The product data available so far might be consistent with a supply chain story, with March data showing the big rise was in exports of machinery and electrical products. But that's a general, catch-all category that doesn't really tell us very much. Separately, the surge in auto exports is continuing, and that is a significant trend for the future, but car sales still only account for 2.5% of China's total exports (to put that in context, it is up from 0.5% in 2019). Overall, the information we can glean from the product data is still patchy. To know more, we need to wait for the more detailed trade data that will be released next week.
With China’s domestic demand remaining disappointing, exports are needed for growth. It isn’t statistically or theoretically a simple read through from the trade surplus to GDP: the trade data are in value terms whereas for GDP growth we need volumes; we don't yet have services trade data for March; and China doesn't publish any level data for GDP by expenditure on a quarterly basis. But the continued size of the excess of exports over imports means there should be a decent bounce back for the net export contribution to growth (a series that the government does publish), implying some upside risk for next week's Q1 GDP data.
In terms of the cycle going forward, the strength of exports in March does look to be good to be true. But other signs of a turn in the regional export cycle have been starting to appear, and if China is getting some structural lift, then there's some chance of exports at least growing modestly in 2023 as a whole.
With domestic credit growth this week being strong and multiple signs appearing of a rebound in the property market, exports showing resilience too would mean all of China's usual growth drivers are falling into place. None of these engines look as powerful as they have been in the past, but equally, the revival of all three show China's growth story in 2023 isn't shaping up as the sort of spontaneous consumption-driven recovery that was widely envisioned when China first exited zero covid.
By boosting growth, the strength of exports will be welcomed by the authorities. To the extent they reflect China's underlying competitiveness, the strength of exports and the manufacturing surplus are reasons to expect the CNY to be stronger against the USD than would be suggested by simple interest rate differentials alone. With the authorities always keen for “two-way moves” and “stability”, this will also be greeted as a positive development by the authorities.

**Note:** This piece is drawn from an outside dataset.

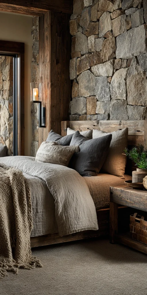 Incorporate stone through a fireplace surround if you have one, or use stone tiles or a stone feature wall in natural grays and tans. Dress your bed in soft, rumpled linen bedding in gentle colors like lavender-gray, sage green, or buttercream. Layer multiple pillows in linen shams and add a linen throw folded at the foot of the bed.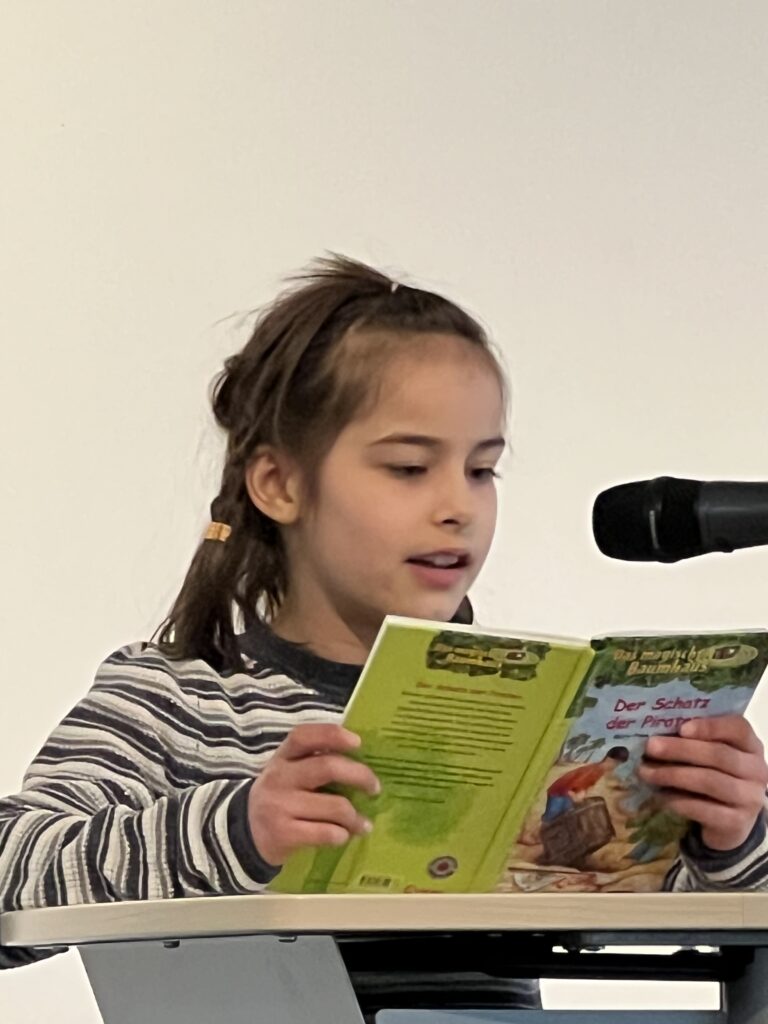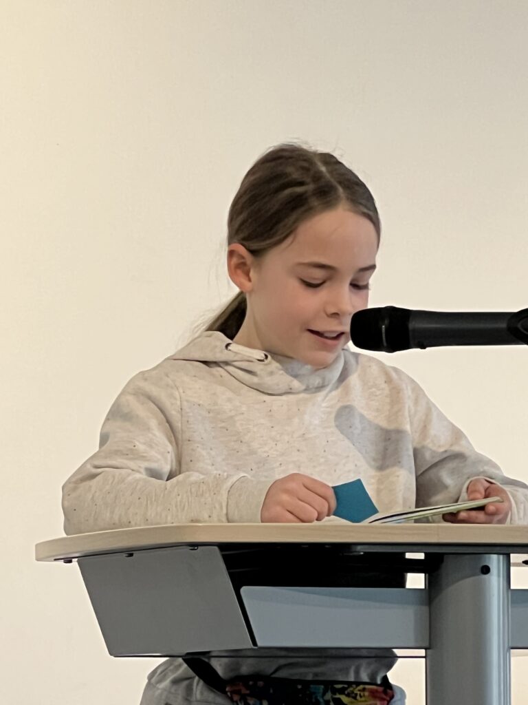 Am Freitag, den 20.02.2026 fand der alljährliche Vorlesewettbewerb der ASS statt. Aus allen 2. – 4. Klassen hatten sich 2 Leser*innen in klasseninternen Vorentscheidungen qualifiziert. In der ersten Runde galt es nun, einen vorbereiteten Text vor der gesamten Schulgemeinschaft und der 4-köpfigen Jury vorzutragen. Jede(r) Leser(in) hatte 1,5 Minuten Vorlesezeit, die für manche viel zu schnell verging. Die Lehrkräfte stellten am Ende der ersten Runde fest, dass das Niveau noch nie so hoch war wie in diesem Jahr, so gut wurde gelesen. In der zweiten Runde wurde dann ein unvorbereiteter Text vorgelesen – aber das nur noch vor der Jury.

However, the widening of the trade surplus isn't all a positive development. Again, the surplus was already huge in 2022. If it is still widening, then it seems likely to pull China back into the crosshairs of the debate on global imbalances.
Of course, given the collapse in US-China relations, the government in Beijing can be presumed to care even less about US views of its trade balance and currency policy even than it did in the years running up to the financial crisis in 2008. But given China's new geostrategic positioning, with its emphasis on the Global South, then Beijing probably will need to be sensitive to any criticism that emerges from EM. And if China's March trade data are in any way more than a one-off, then some China-focused resentment is likely. It doesn’t feel like the surge in China’s exports is based on booming demand. That would mean it is market share gains. It wouldn't seem EM will ultimately be any keener to see China take over domestic markets than DM has been.